The solution can be found much more quickly than the editorial says due to combinatorial simplification; there is a two-line solution (that is, two lines in the query loop, one of them being the input line) that runs in O(X + Y + T) time. No Y^3 needed. A hint: https://oeis.org/A033184 I think the problem setter didn't check for an accidental identity.

Python3 solution

# Enter your code here. Read input from STDIN. Print output to STDOUT
m = 10 ** 9 + 7
# parantheses
p_lim = 201
# dpp[i][j] is # of paranth. configurations of length i, consisting of j elements
dpp = [[0 for _ in range(p_lim)] for _ in range(p_lim)]
dpp[0][0] = 1
cumsum = [0 for _ in range(p_lim)]
cumsum[0] = 1
fact = [1]
for i in range(1, 250000):
    fact.append((fact[-1] * i) % m)

def egcd(a, b):
    '''
    Extended Euclidian algorithm
    '''
    if a == 0:
        return (b, 0, 1)
    else:
        g, y, x = egcd(b % a, a)
        return (g, x - (b // a) * y, y)

def modinv(a, m):
    '''
    Finds modular inverse modulo m
    '''  
    while a < 0:
        a += m
    g, x, y = egcd(a, m)
    if g != 1:
        raise Exception('Modular inverse does not exist')
    else:
        return x % m

def choose(n, k):
    '''
    Computes binomial efficiently
    '''
    r = (fact[n] * modinv(fact[k], m)) % m
    return (r * modinv(fact[n - k], m)) % m
    
def C(n): # catalan number
    return (fact[2 * n] * modinv(fact[n + 1], m)) % m

for i in range(1, p_lim):
    dpp[i][1] = cumsum[i - 1] % m
    cumsum[i] = (cumsum[i] + dpp[i][1]) % m
    for j in range(2, p_lim):
        for k in range(1, i - j + 2):
            dpp[i][j] = (dpp[i][j] + dpp[k][1] * dpp[i - k][j - 1]) % m   
        cumsum[i] = (cumsum[i] + dpp[i][j]) % m
for _ in range(int(input())):
    x, y = map(int,input().split())
    r = 0
    for i in range(y + 1):
        r += dpp[y][i] * choose(2 * x + i, i)
        r %= m
    r = (r * fact[y]) % m
    r = (r * C(x)) % m
    print(r)

if there was no restriction on the arrangement of brackets what would be the ans??? can anyone help

Hint: there's a simple recursion relation to determine the number of ways of arranging Y pairs of non-distinguishable curly parentheses, with the number of square parentheses X=0. Let's define "blocks" as top-level parantheses and their contents, for example, for the configuration (()) () (), there are three blocks, the first being (()), and two more ().
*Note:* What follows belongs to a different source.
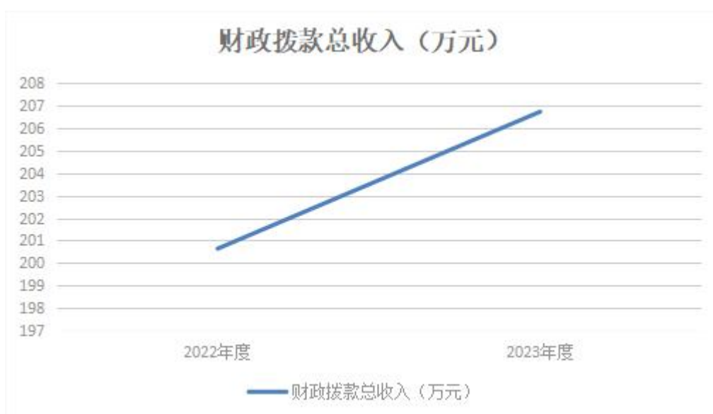
图4：财政拨款收、支决算总计变动情况

2023年度财政拨款收入中，一般公共预算财政拨款收入206.73万元，比2022年度决算数增加6.09万元。增加主要原因是追加新进人员工资福利。政府性基金预算财政拨款收入0万元，比2022年度决算数增加0万元。增加主要原因是无。国有资本经营预算财政拨款收入0万元，比2022年度决算数增加0万元。增加主要原因是无。

Let C(Y) be the number of arrangements of Y pairs of curly parentheses. Clearly, we have C(0)=1, e.g. just the empty arrangement, and C(1)=1, e.g. (). Next, we have C(2)=2, e.g. (()) and () ().

Now let's consider arbitrary Y. The first block can contain Z pairs inside (not counting the top-level pair of the block itself), where Z can be 0,1,2...Y-1. Those Z can have C(Z) arrangements. Once we place Z pairs inside the first block, we will have Y-Z-1 pairs remaining, and those can have C(Y-Z-1) arrangements. Hence, we have

C(Y) = Prod C(Z) C(Y-Z-1);  Z=0,1,2...Y-1

This is exactly the recursion relation for the well-known Catalan numbers.

Also, note that we need the Catalan number for X also, since the square brackets also must be arranged. Since X goes up to 10^5, the recursion above is not fast enough to compute. There is another form for Catalan number involving factorial that can be computed in O(X) time instead of O(X^2).

Some more hints: we also need to compute D[i][j], the number of i-pair parentheses arrangements that consist of exactly j blocks. The recursion relation for this is slightly tricky to derive, but we need only fill out a matrix with O(Y^2) elements.

Finally, note that the number of cases can go up to T~1000, but the computations above need only be done once, and once you have the Catalan numbers, factorials, and matrix elements of D computed, some further simple lookups is as that's needed to get all the answers.